Konzilspapst ‚Leo XIV.‘ Meinung zu Abtreibung und Todesstrafe
Während Jorge Bergoglio mit Worten die Abtreibung als „Auftragsmord“ bezeichnete und andererseits die besten Beziehungen zu Abtreibungsbefürwortern hatte, ist sein Schüler Robert Prevost der Meinung, dass die vorsätzliche Tötung von Ungeborenen gleichzusetzen sei mit der Verhängung der Todesstrafe für Schwerstkriminelle. Ist dies wirklich katholische Lehre, was der Konzilspapst ‚Leo XIV.‘ zu Abtreibung und Todesstrafe sagt?
So behauptete Robert Prevost gegenüber den Positionen vieler Republikaner zur Todesstrafe: „Und wer sagt: ‘Ich bin gegen Abtreibung, aber ich bin mit der unmenschlichen Behandlung von Migranten in den USA einverstanden’ – ob das wirklich mit dem Schutz des Lebensrechts vereinbar ist, bezweifle ich.“ Zudem betonte er, dass Abtreibungsgegner, die zugleich Unterstützer der Todesstrafe sind, „nicht wirklich Befürworter des Lebensrechts sein können“.
Der Konzilspapst ‚Leo XIV.‘ sagt, die Unterstützung der Todesstrafe sei „nicht pro-life“, verteidigt aber die Auszeichnung des Abtreibungsbefürworters Durbin.
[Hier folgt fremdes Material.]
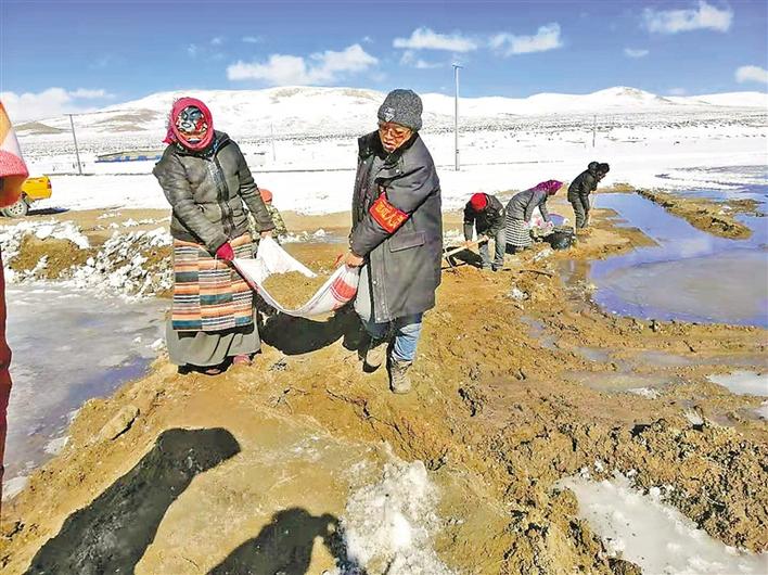 駐村期間,羅布頓珠(左二)同村民一起對嚴(yán)重影響農(nóng)牧民生產(chǎn)生活的滲水口進行了堵截。 中國電信西藏公司供圖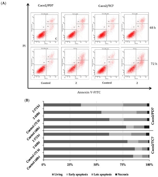 Since the complexes can reduce cell viability, the annexin V/propidium iodide double-staining assay was carried out to quantify the most active complex-induced apoptosis by flow cytometry. Treatment of Caco-2/PD7 cells with the benchmark drug auranofin led to most cells being found in late-stage apoptosis and necrosis (Figure S17, Supplementary Materials). After 48 and 72 h of incubation with the most active derivative [Cu{Au(Spy)(PTA)}2]PF6 (2), a decrease in cell viability was observed (Figure 3A), as the proportion of living cells was reduced over time, with the consequent increase in cells undergoing apoptosis: from a 35.8% of apoptotic cells (early + late apoptosis) in the case of control cells to 62.4% of total apoptosis for cells incubated for 72 h. In the case of the TC7 clone, control cells displayed inhibition of the apoptotic process, with 85% of cells exhibiting viability and a relatively low proportion undergoing cell death. This inhibition of apoptosis produces a fast growth and proliferation of cancerous cells. The population of early and late apoptotic cells increased to 35% after treatment with complex 1 in comparison with the vehicle-treated cells (12%). These results point to the apoptosis-inducing ability of the heteronuclear derivative in Caco-2 cells. Additionally, the effect observed after treating the cells with a dosage equal to the IC50 concentration is time-dependent. Thus, the proportion of cells undergoing apoptosis increases throughout the time, with a maximal percentage of apoptotic cells found after 72 h of incubation/treatment and the proportion of necrotic cells remaining considerably low for all the experiments performed.
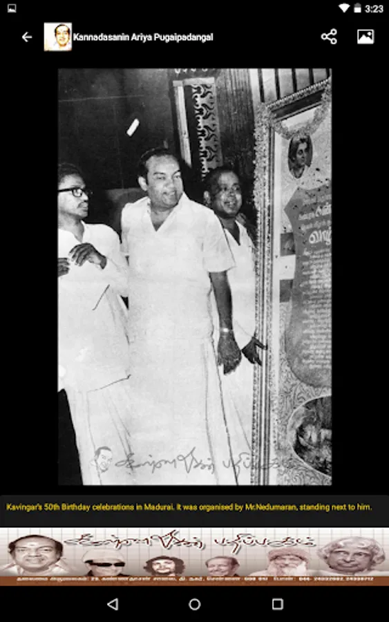 In this photo apps you will see him as a Poet, Lyricist and powerful orator and a very friendly person. In all these Rare photos you will see the entire dignitaries of the Tamil Cinema and literature had the privilege of being with him and photographed with him.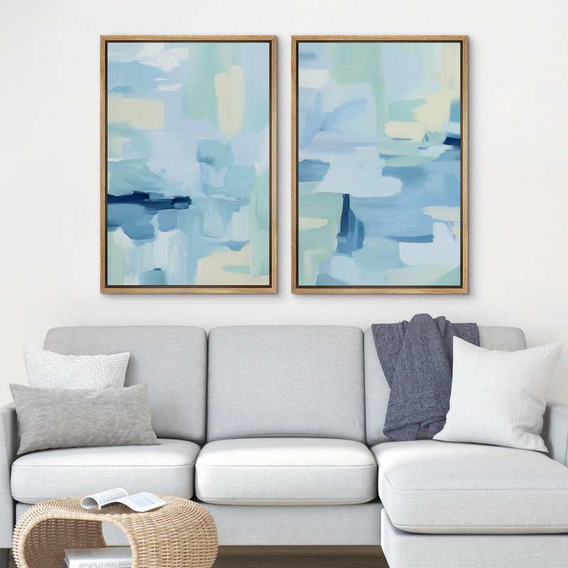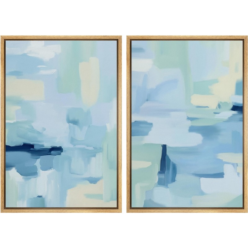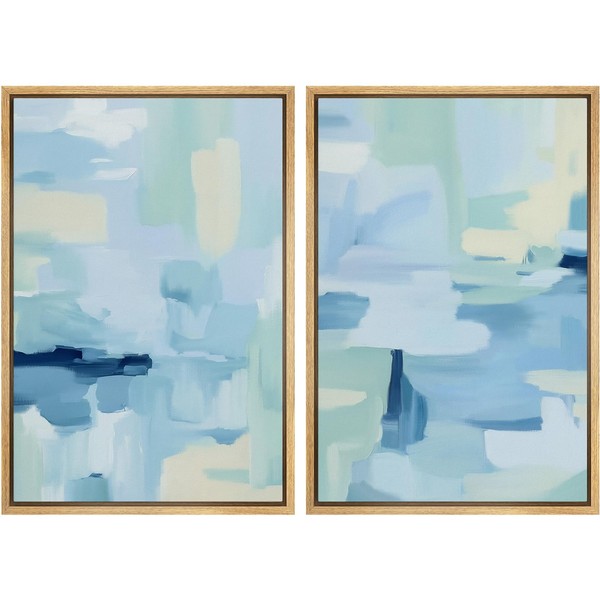 Ashbrook Framed Canvas Print Wall Art Set Blue and Aqua Abstract Brushstroke with Soft Pastel Tones Illustrations Modern Art Decorative for Living Room, Bedroom, Office - 24"x36"x2 Natural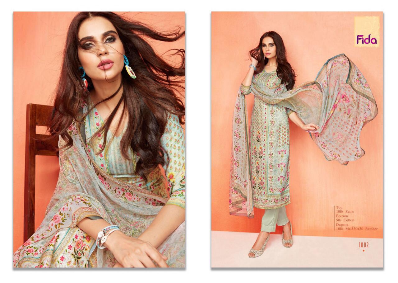 Lydia By Fida 1001 Series Fancy Satin Printed Salwar Kameez Catlog Wholesaler Surat
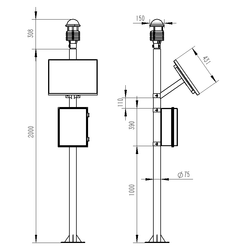 5.兩米碳(tan)鋼(gang)支架(jia),頂部(bu)無需法蘭盤可直接(jie)套接(jie)傳感器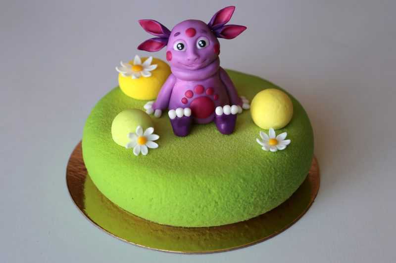 Детский торт в виде Лунтика можно приготовить по классическому рецепту из бисквита с фруктовой начинкой. После выпекания вырезать подходящую форму острым ножом, а декорировать с помощью мастики.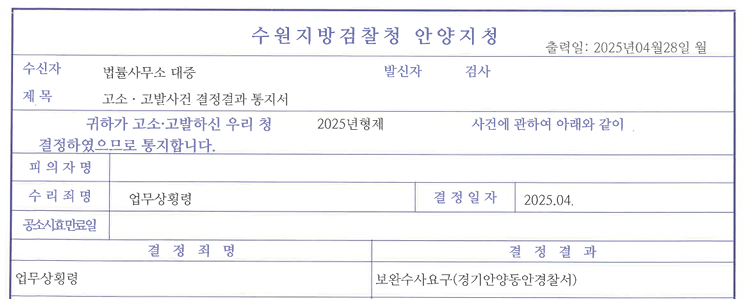 검사는 업무상 횡령죄에 대하여 재수사할 것을 요구하며 보완수사요구 명령 처분을 하였습니다.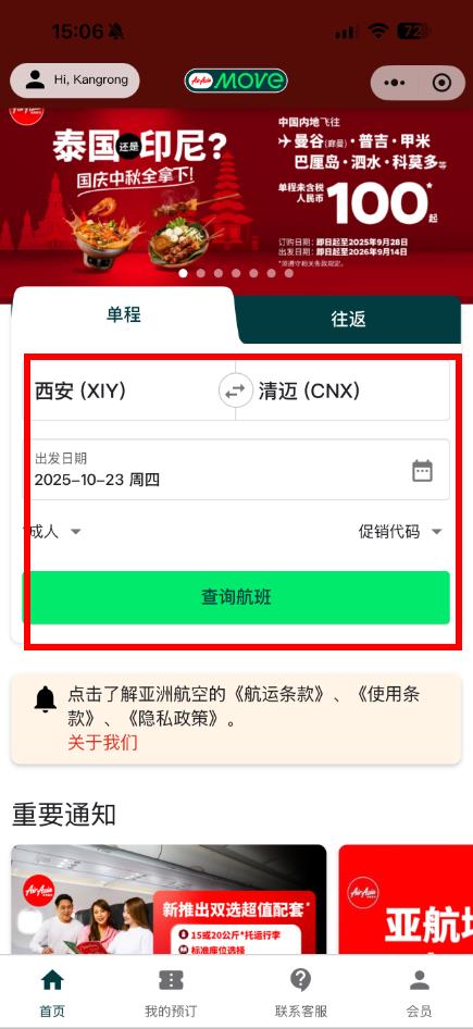 2、輸入出發(fā)地和目的地,并選擇出發(fā)日期、乘客人數(shù)等信息,有促銷代碼也可填入。
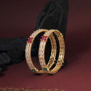 Set of Two 24 CT gold-plated CZ Stone-studded handcrafted bangles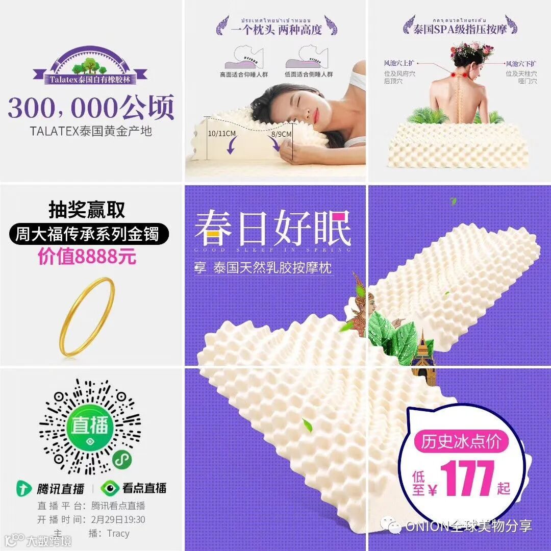 今晚直播间买🈵¥300🇹🇭乳胶枕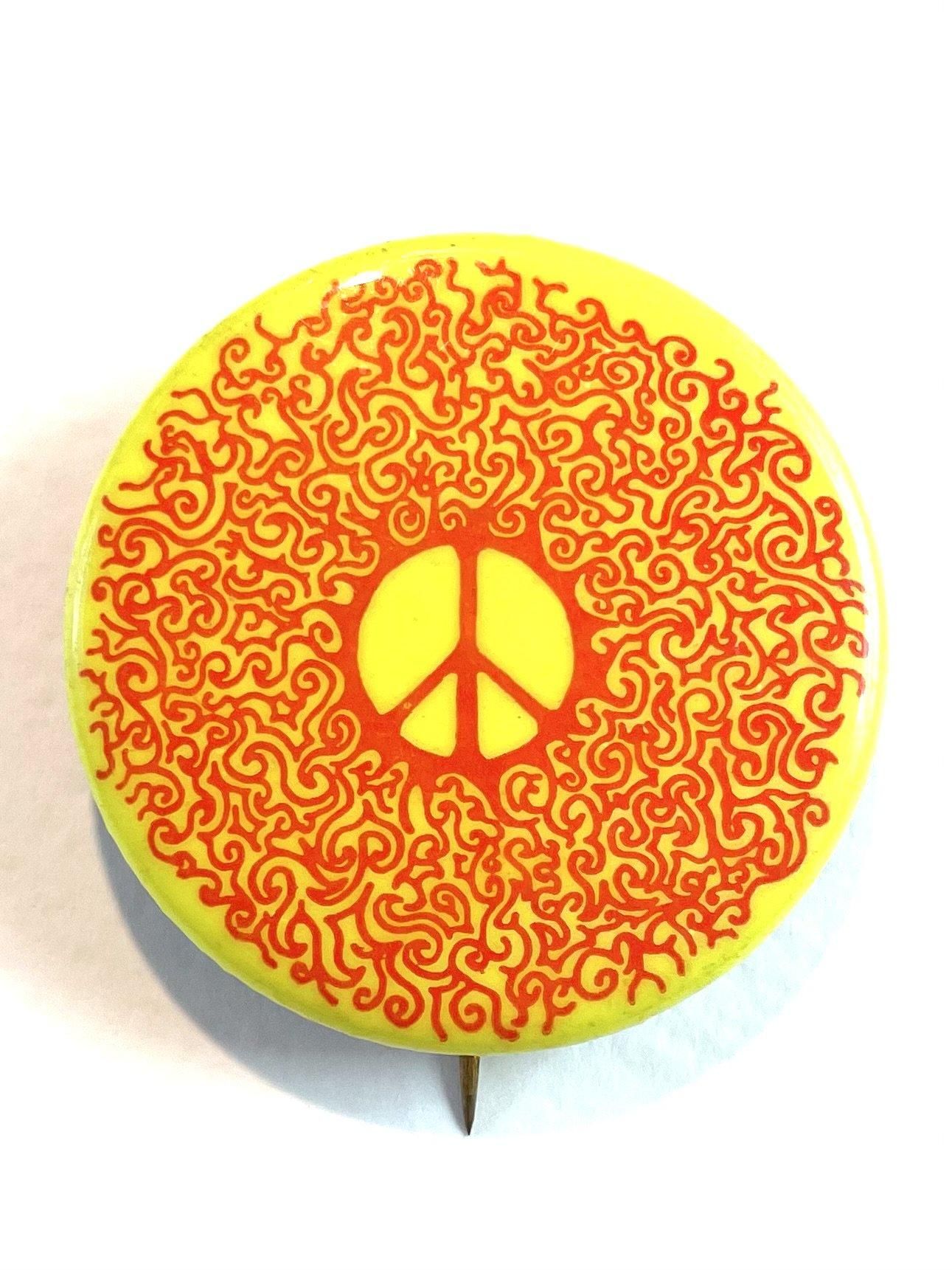 1970's "PEACE SIGN" psychedelic design PINBACK BUTTON RED
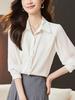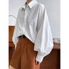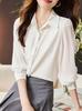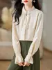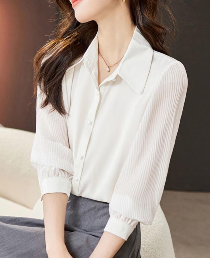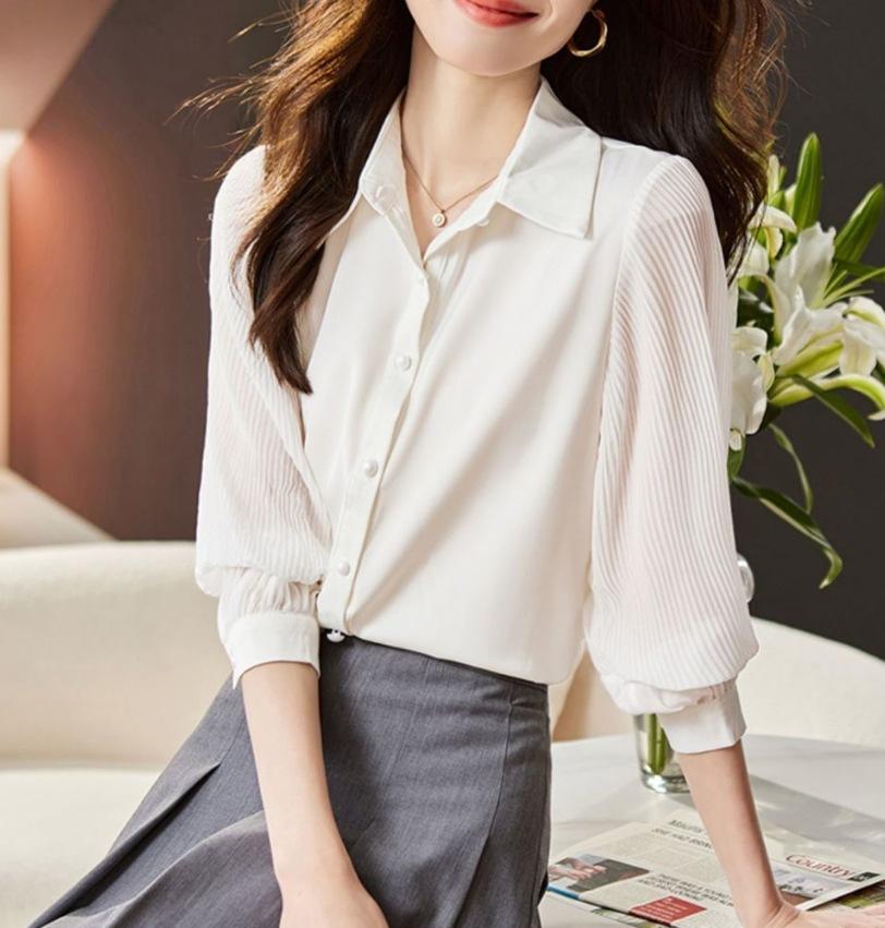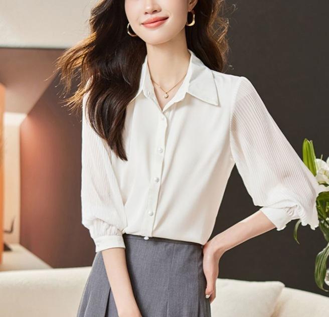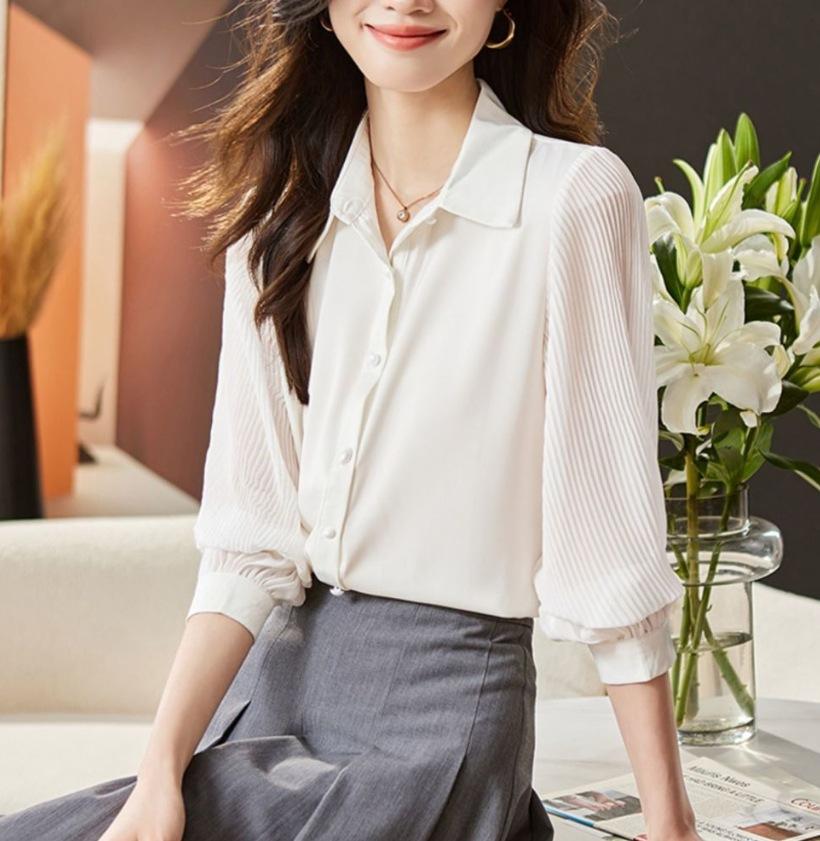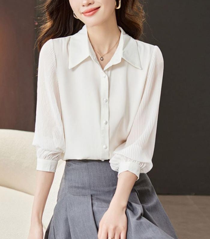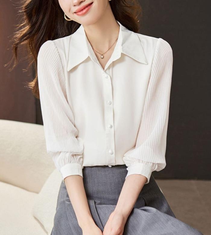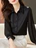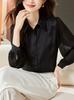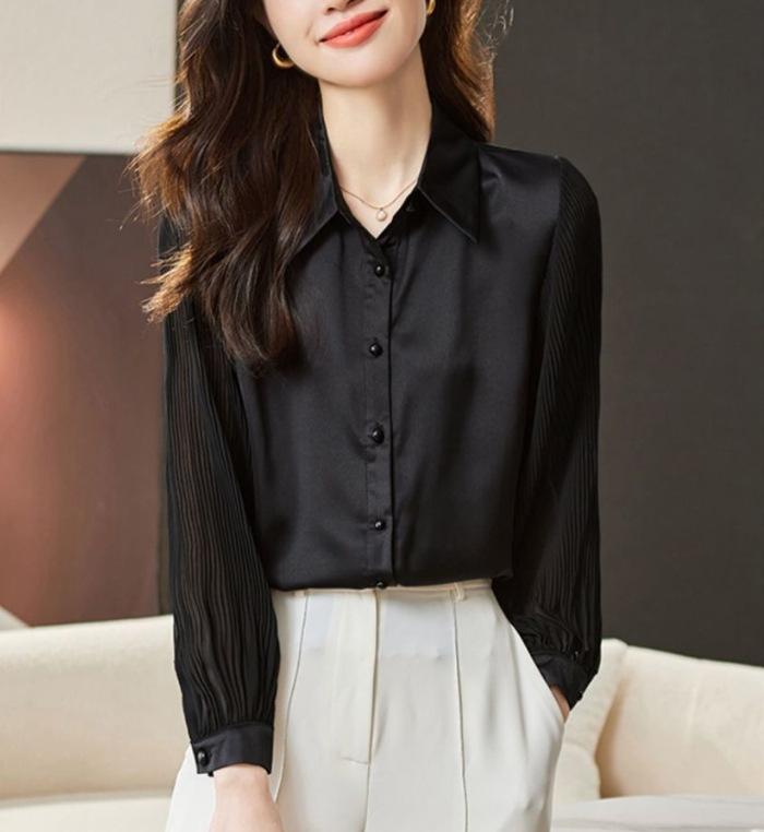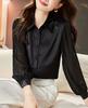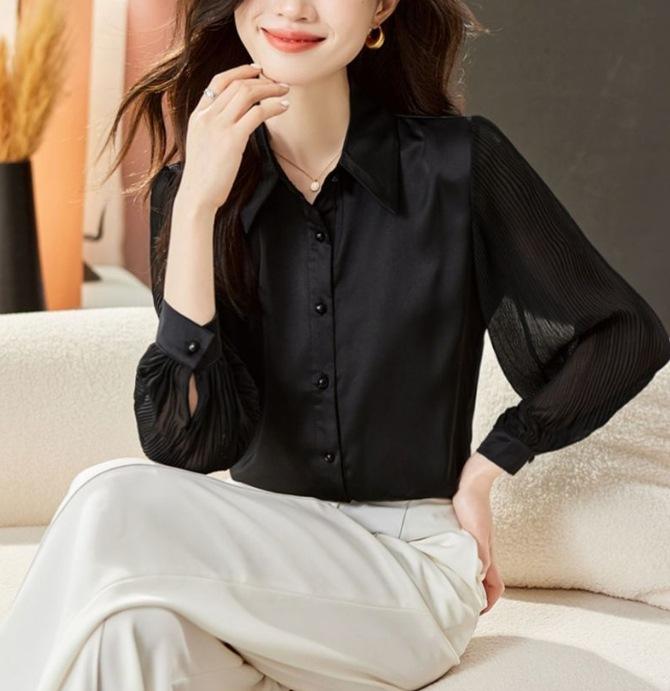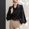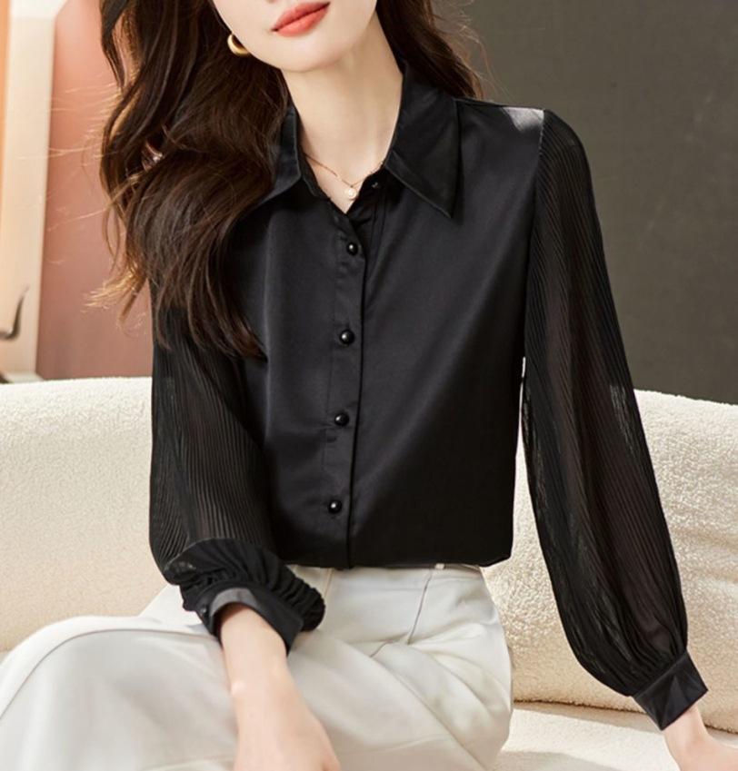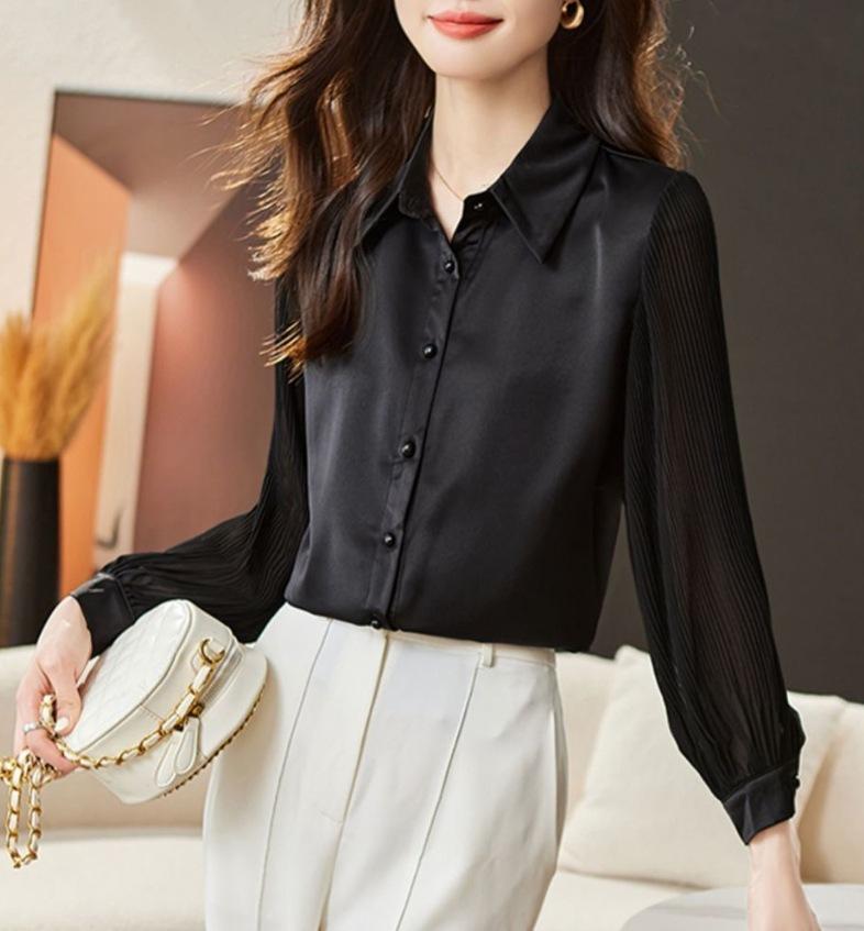 Primavera y Otoño 2025 Nuevo Diseño Sentido Manga Farol Plisada Camisa Negra Elegante Moda Commuter Profesional Top para Mujeres

https://www.lifesitenews.com/news/pope-leo-says-support-for-death-penalty-is-not-pro-life-defends-awarding-pro-abortion-durbin/
Die Affäre um die Verleihung eines Awards an den Abtreibungsbefürworter Durbin
Prevost tadelte ‚Kardinal‘ Blase Cupich nicht dafür, dass er den Abtreibungsbefürworter und Senator Dick Durbin mit einem Preis für sein Lebenswerk ehren wollte.
Durbin, der behauptet, katholisch zu sein, ist bekannt für seine unerschütterliche Unterstützung des sogenannten Abtreibungsrechts. Dazu gehört auch seine Stimme gegen den Born-Alive Abortion Survivors Protection Act, der verhinderte, dass der Gesetzentwurf Anfang 2025 im Senat zur Abstimmung vorgelegt wurde.
Der Senator kann außerdem auf eine langjährige Erfahrung in der Förderung von LGBT-Anliegen zurückblicken, darunter auch seine Unterstützung der gleichgeschlechtlichen Ehe.
Während der Haushaltsverhandlungen im Juni 2025 äußerte sich Durbin lautstark gegen jeden Versuch, die Medicare-Zahlungen für sogenannte „geschlechtsbejahende Pflege“, einschließlich der Genitalverstümmelung Minderjähriger, zu streichen.
In einer Erklärung gegenüber dem Homo-Nachrichtensender Washington Blade sagte Durbin: „Anti-Trans-Extremisten versuchen, die gesamte Macht der Regierung zu nutzen, um Kindern zu schaden.“
Cupich meinte weiter, Durbin sei der Auszeichnung besonders würdig, weil er sich entschieden gegen die Bemühungen der Trump-Regierung zur Abschiebung illegaler Einwanderer wehre. (Quelle: Leo über das Leben: Ein wirklich unpassendes Kleidungsstück)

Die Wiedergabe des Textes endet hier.